Goal of the exercise ▸ Repeat the records below exactly, from the first line through the line containing "Selling a handy", and leave out any pictures.

Data extracted from a collection
※ ※ ※

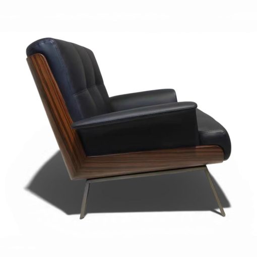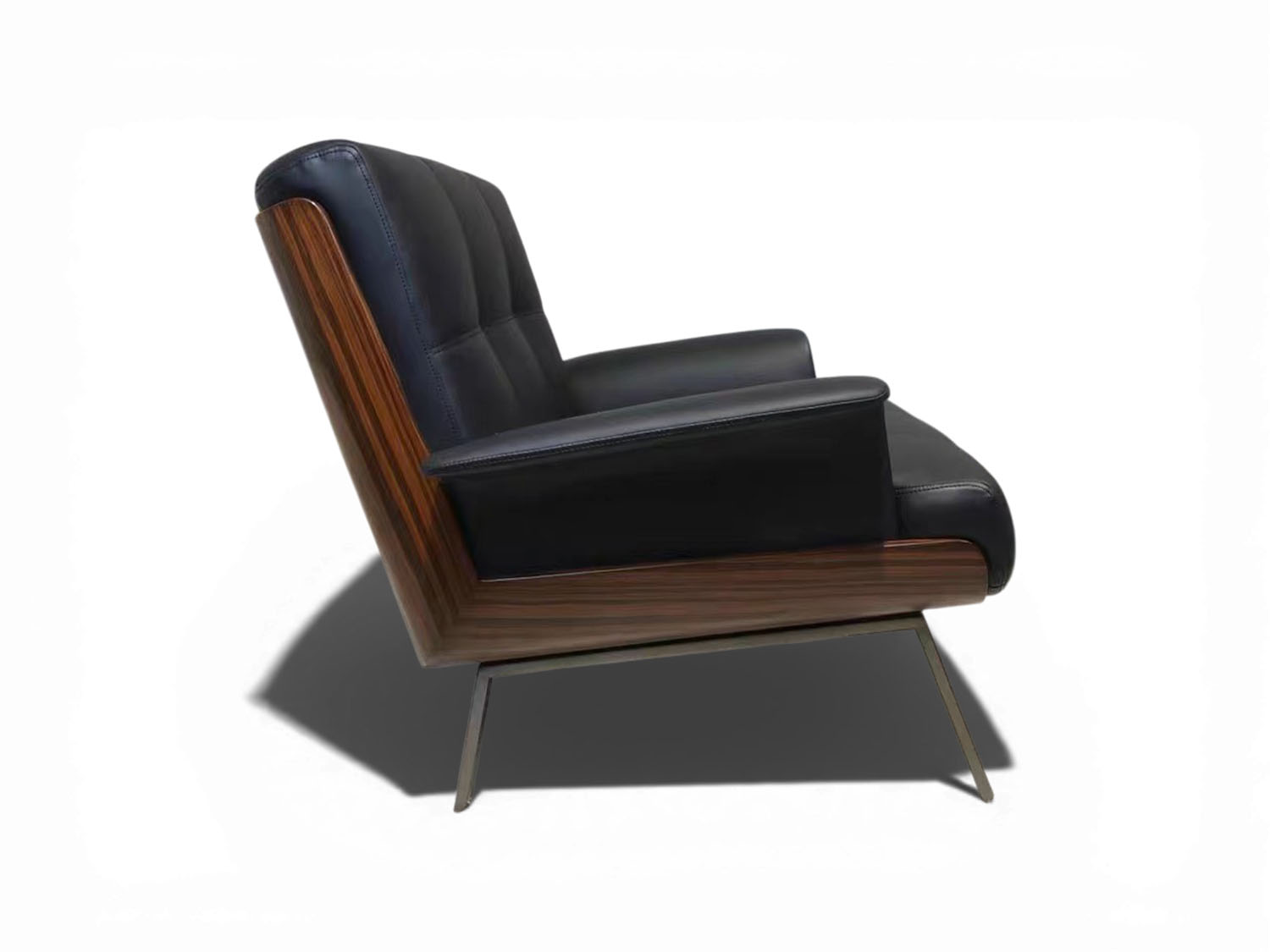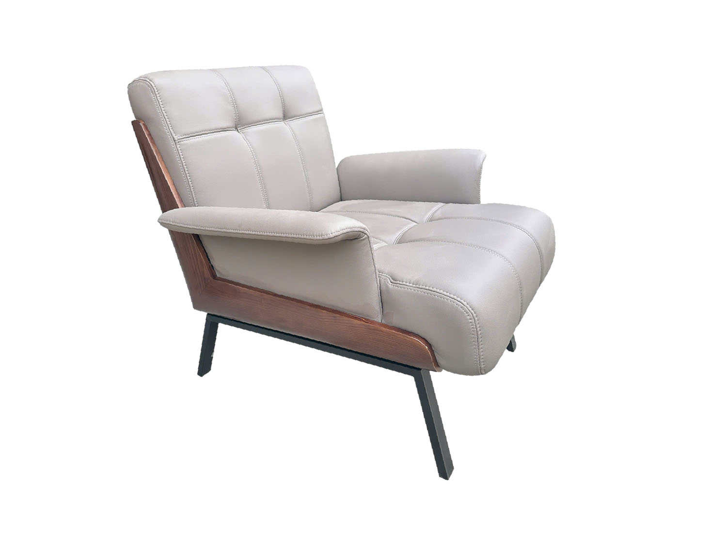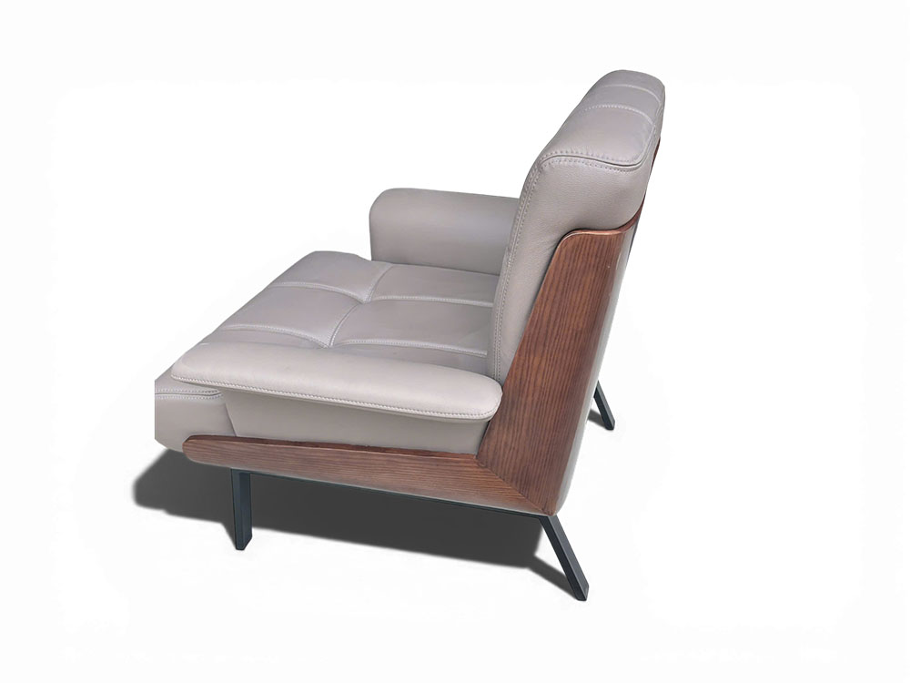 Ghế sofa đơn da thật sử dụng khung gỗ tự nhiên kết hợp chân kim loại sơn tĩnh điện, đảm bảo độ vững chắc và khả năng chịu lực tốt. Kết cấu khung giúp ghế đứng vững, không rung lắc trong quá trình sử dụng.
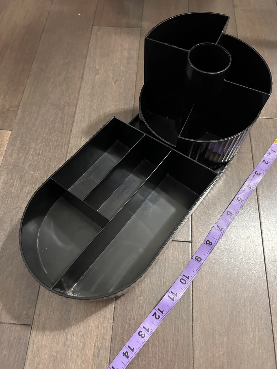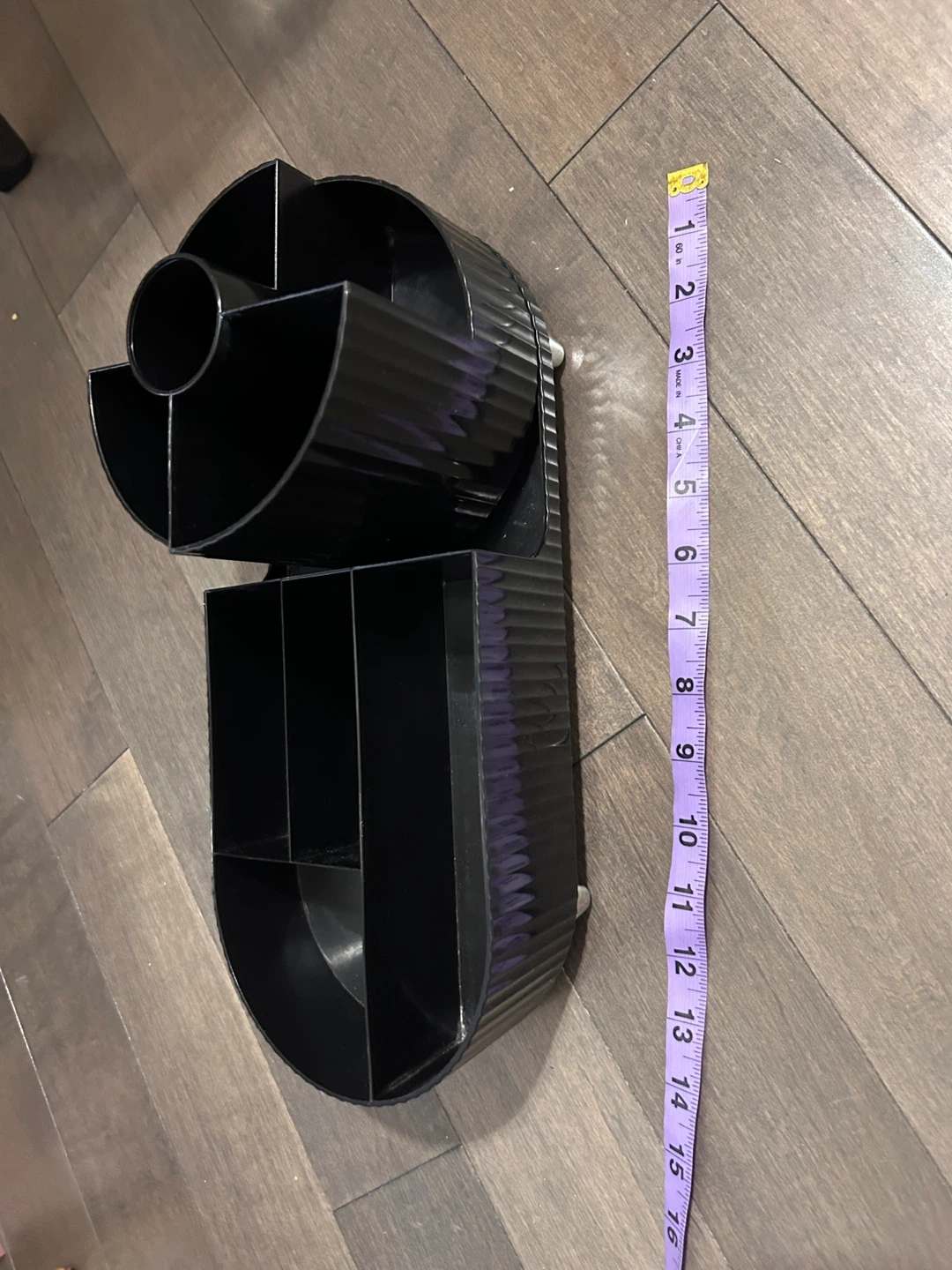 Selling a handy black desk organizer! It's perfect for keeping your workspace tidy and efficient. It has multiple compartments for pens, pencils, and other small items. It's in great condition and ready to help you get organized
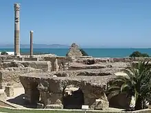 Après une escale à Chypre, Élyssa s'installe sur les côtes d'Afrique, dans l'actuelle Tunisie, avec d'autres Tyréens, dont certains sont des notables ayant abandonné la ville, et des vierges de Chypre enlevées alors qu'elles devaient s'adonner à la prostitution sacrée[22]. C'est donc un contingent hétéroclite qui serait à l'origine de l'une des plus grandes cités de l'Antiquité. La tradition la plus couramment admise date la fondation de la ville en 814 av. J.-C. Selon les traditions les plus répandues, le roi du pays, Hiarbas ou Iarbas, consentit à leur offrir un territoire « aussi grand que pourrait en recouvrir une peau de bœuf ». Élyssa, en ayant recours à une ruse punique (punica fides) découpa alors la peau en lanières dont elle entoura un territoire suffisant pour y bâtir une citadelle, les arrivants payant un tribut au roitelet local[25]. Ce territoire, appelé Byrsa (« bœuf »), deviendra le centre historique de la cité punique.
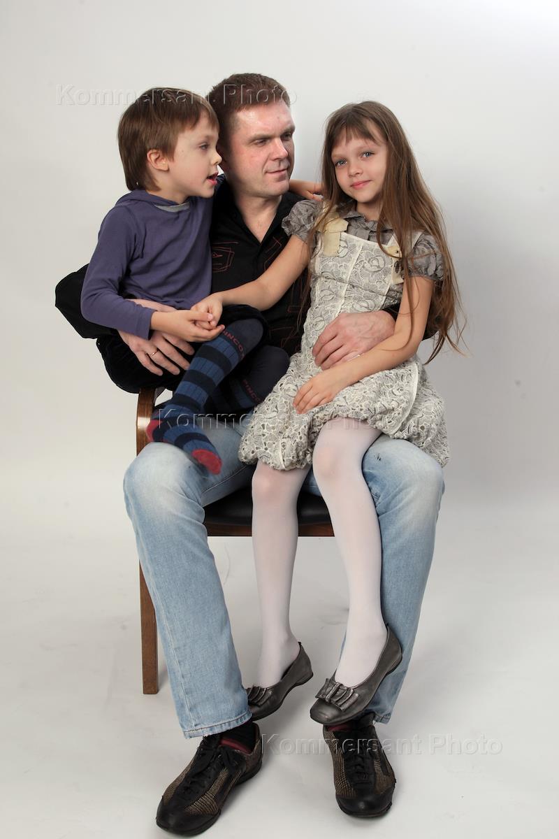 Корреспондент Издательского Дома "КоммерсантЪ" Андрей Колесников с своими детьми Ваней и Машей.
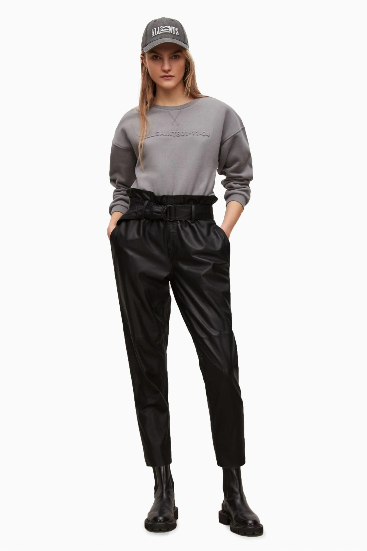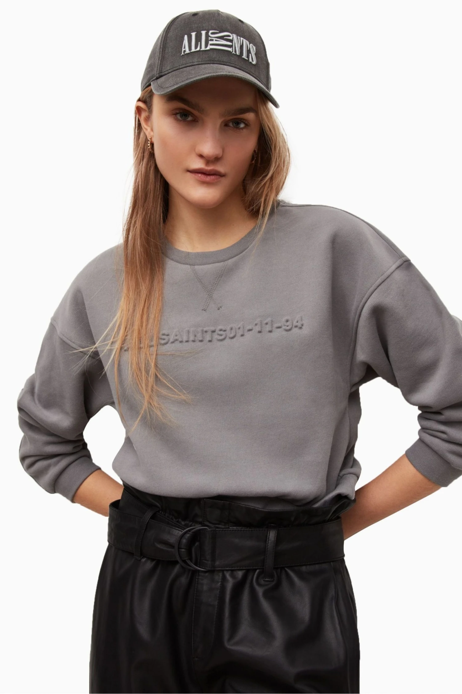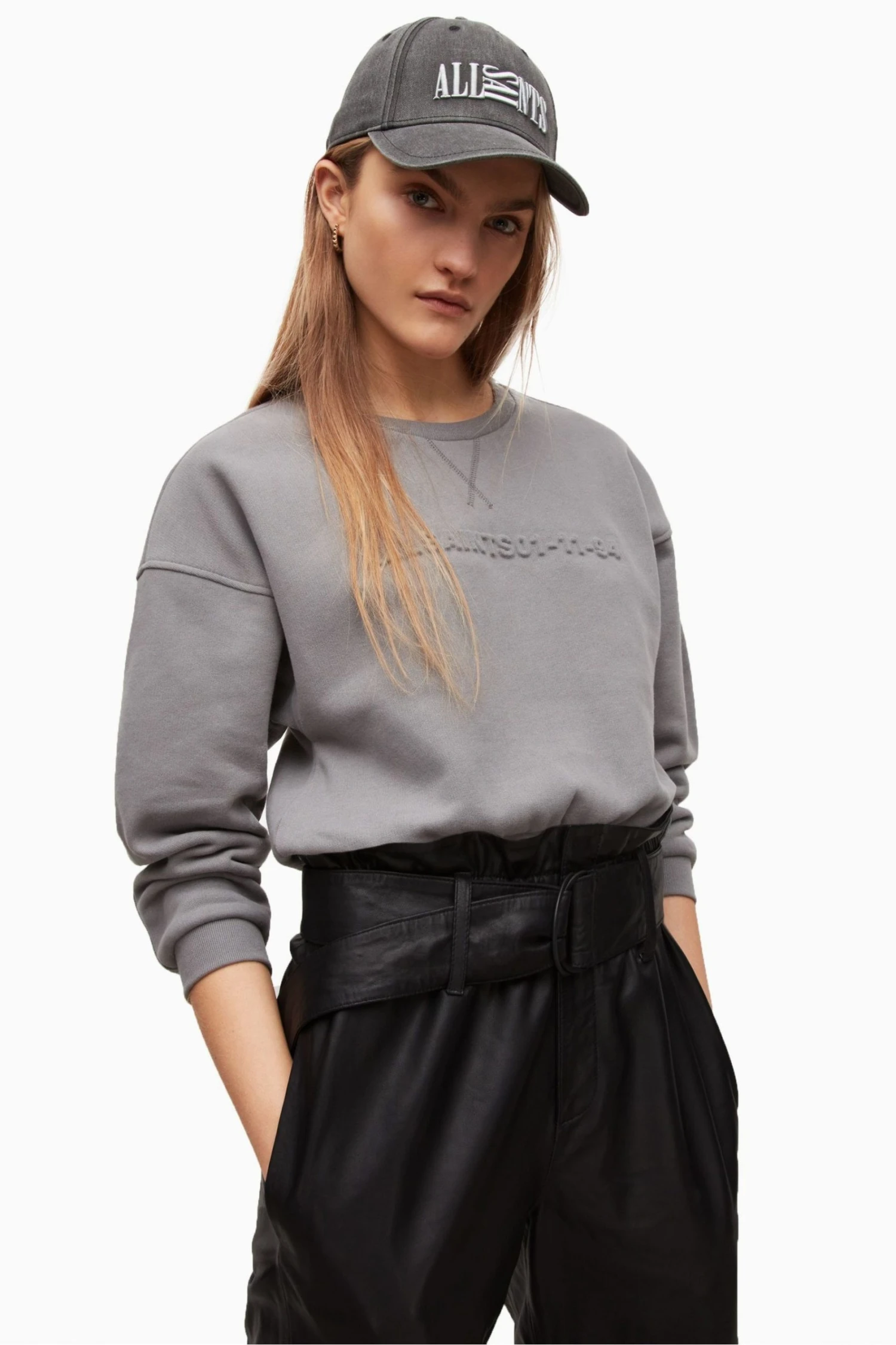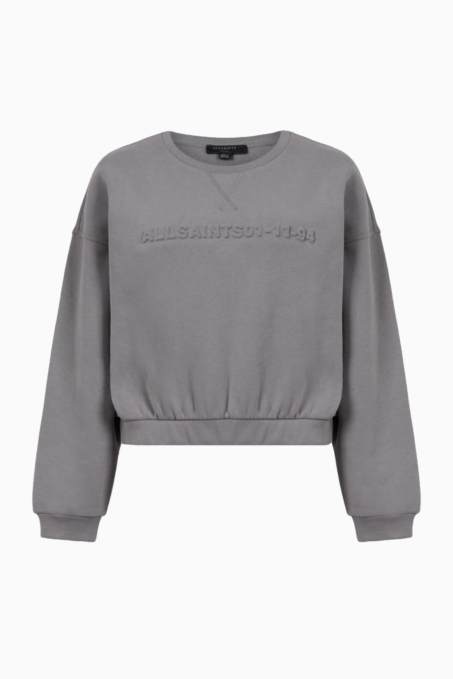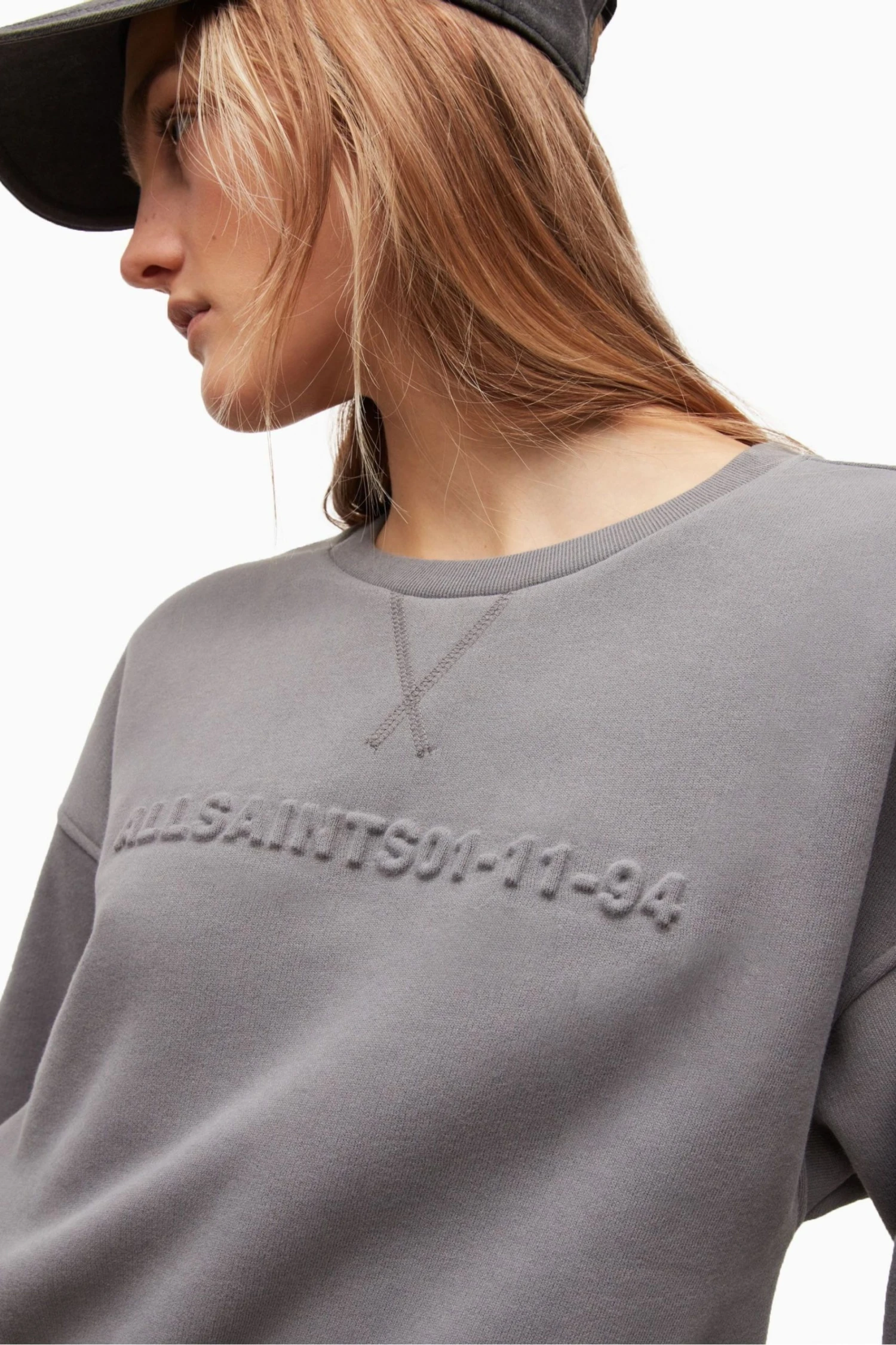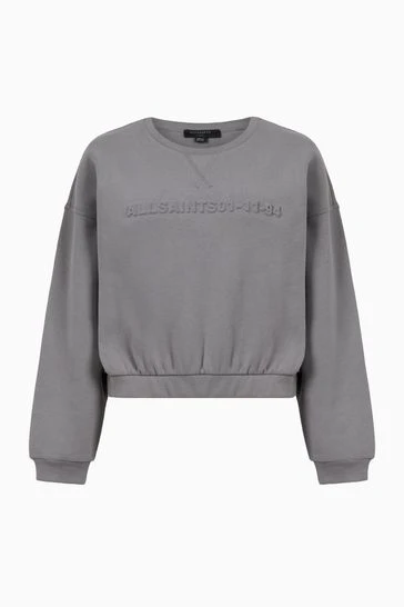 Pull over. Relaxed fit. Short length. Crew neck. Long sleeve. The Rei Sweat is a cropped shape with elasticated band at the hem. With Allsaints branding across the centre front chest in a tonal embossed technique. No Pockets.

※ ※ ※

Exercise answer ▸
 Ghế sofa đơn da thật sử dụng khung gỗ tự nhiên kết hợp chân kim loại sơn tĩnh điện, đảm bảo độ vững chắc và khả năng chịu lực tốt. Kết cấu khung giúp ghế đứng vững, không rung lắc trong quá trình sử dụng.
 Selling a handy black desk organizer! It's perfect for keeping your workspace tidy and efficient. It has multiple compartments for pens, pencils, and other small items. It's in great condition and ready to help you get organized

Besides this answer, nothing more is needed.